🤖 AI Summary
This paper addresses the optimal sequencing of theory building and empirical analysis: under conditions of mature theoretical frameworks and abundant data, is the conventional “theory-first, then testing” approach still optimal? The authors formally model the trade-off between Darwinian learning (theory-driven) and statistical learning (data-driven) within a Bayesian framework, constructing a sequential information design model. Their analysis demonstrates that posterior theorization—empirically testing data before developing theoretical explanations—yields superior explanatory power and higher probability of discovering robust regularities when both data abundance and theoretical prior strength are high. This finding challenges dominant methodological paradigms such as pre-registration, which emphasize ex ante theoretical specification, and provides a new normative foundation for the logical starting point of empirical economic research.
📝 Abstract
For many economic questions, the empirical results are not interesting unless they are strong.
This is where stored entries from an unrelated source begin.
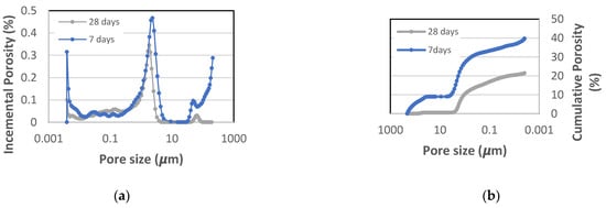 The hydraulic conductivity of the CPB showed a consistent decrease for all samples over the curing period regardless of the tailings type and the superplasticizer content, as observed from Figure 2. The influence of curing time was largely dependent on the progression of cement hydration. Generally, the cement continues to undergo a chemical reaction in the presence of water leading to the production of compounds (e.g., ettringite, C-S-H, CH) that modify the pore structure of the CPB [,,,]. In effect, the spaces between the solid particles shrink as a result of the refinement and that would make the CPB less permeable. This can be noticed from the MIP graphs showing the distribution of pores in CPB specimens tested at different curing ages (Figure 3). Both incremental porosity and total pore volume were much higher in the CPB cured for 7 days. To further confirm the difference in the hydration products, cement paste samples with different curing times were subjected to thermal analyses. The TG/DTG diagrams of 7 days and 28 days samples are presented in Figure 4. The DTG graphs exhibit three distinct peaks corresponding to the proportion of the hydration products that decompose within specific temperature ranges. The first peak occurred between 100 and 200 °C and it was caused by the dehydration of hydrates, such as ettringite, gypsum, and C-S-H [,]. The second peak (between 400 and 500 °C) was mainly as a result of the de-hydroxylation of portlandite (calcium hydroxide, CH), while the third peak (between 650 and 750 °C) was due to the decomposition of carbonated compounds as well as calcite [,,,]. The DTG graphs from Figure 4 indicate that there were many more hydration products (especially CH) in the cement paste cured for 28 days than that cured for 7 days. This was reflected in the TG curves as there was about 80% of the 7-day specimen remaining after reaching 1000 °C temperature as opposed to 70% of the 28-day specimen. The reduction of hydraulic conductivity of CPB based on the progression of cement hydration has also been observed by other studies (e.g., [,,,]).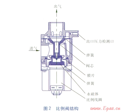 比例閥還具有穩(wěn)定燃?xì)鈮毫ψ饔?,?dāng)作用在壓力調(diào)節(jié)器膜片上的燃?xì)鈮毫υ龃髸r(shí),膜片帶動(dòng)閥芯向下運(yùn)動(dòng)減小相對(duì)開度,保證出口壓力的穩(wěn)定;反之,當(dāng)作用在壓力調(diào)節(jié)器膜片上的燃?xì)鈮毫p小時(shí),膜片帶動(dòng)閥芯向上運(yùn)動(dòng)增大相對(duì)開度,保證出口壓力的穩(wěn)定。
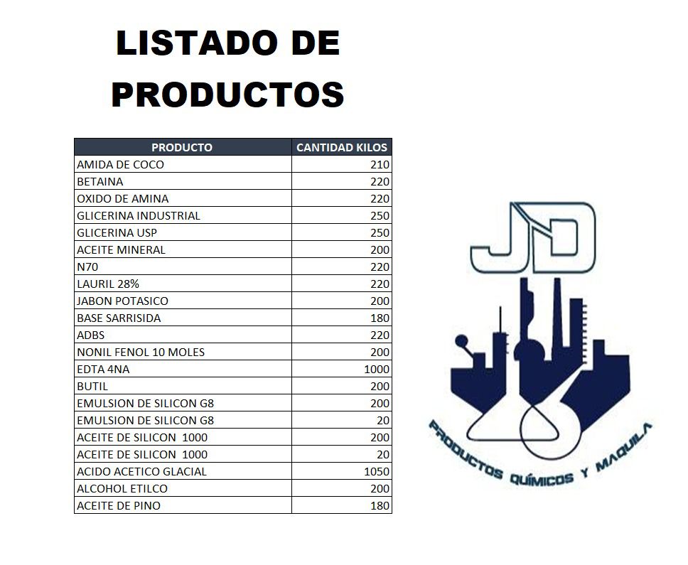 JD Productos Químicos y Maquilas Industriales somos una empresa dedicada a la fabricación, venta y maquila de productos químicos para distintas industrias. Ofrecemos soluciones confiables, seguras y personalizadas, desarrolladas bajo estrictos estándares de calidad y normatividad. Atendemos proyectos a nivel nacional, apoyando el crecimiento de nuestros clientes mediante innovación constante, asesoría técnica y acompañamiento profesional.

For these questions, theorizing before the results are known is not always optimal. Instead, the optimal sequencing of theory and empirics trades off a ``Darwinian Learning'' effect from theorizing first with a ``Statistical Learning'' effect from examining the data first. This short paper formalizes the tradeoff in a Bayesian model. In the modern era of mature economic theory and enormous datasets, I argue that post hoc theorizing is typically optimal.